**DATA SHOWN:**
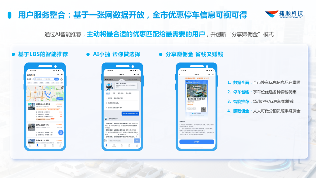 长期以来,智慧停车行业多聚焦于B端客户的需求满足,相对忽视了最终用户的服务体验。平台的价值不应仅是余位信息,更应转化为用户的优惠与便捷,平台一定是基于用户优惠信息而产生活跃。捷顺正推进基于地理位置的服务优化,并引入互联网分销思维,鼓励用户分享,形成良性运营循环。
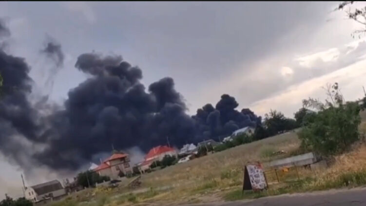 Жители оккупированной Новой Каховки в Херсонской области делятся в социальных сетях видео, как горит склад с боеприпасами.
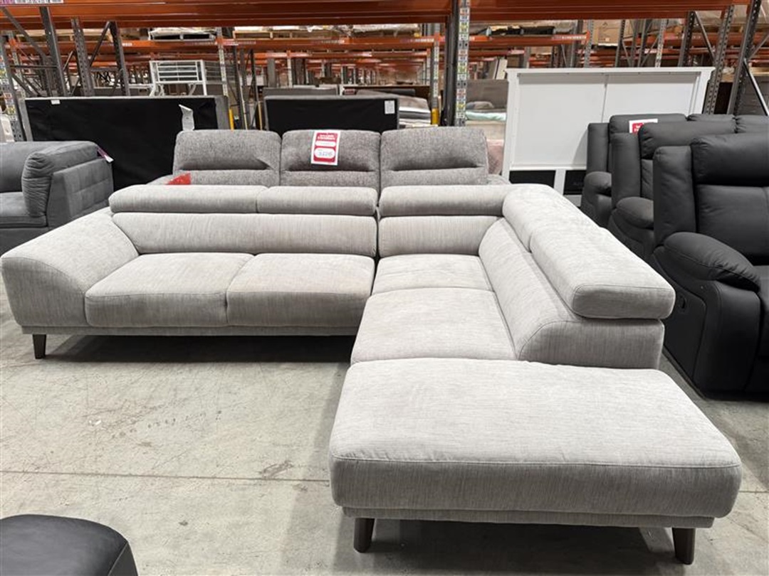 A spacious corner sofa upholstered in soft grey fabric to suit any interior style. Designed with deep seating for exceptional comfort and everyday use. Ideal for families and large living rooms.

**WHAT THIS TASK INVOLVES:** Leaving aside every picture, transcribe exactly the lines that run from the one with "Жители оккупированной Новой" to the close of the listing above.

**YOUR SOLUTION:**
 Жители оккупированной Новой Каховки в Херсонской области делятся в социальных сетях видео, как горит склад с боеприпасами.
 A spacious corner sofa upholstered in soft grey fabric to suit any interior style. Designed with deep seating for exceptional comfort and everyday use. Ideal for families and large living rooms.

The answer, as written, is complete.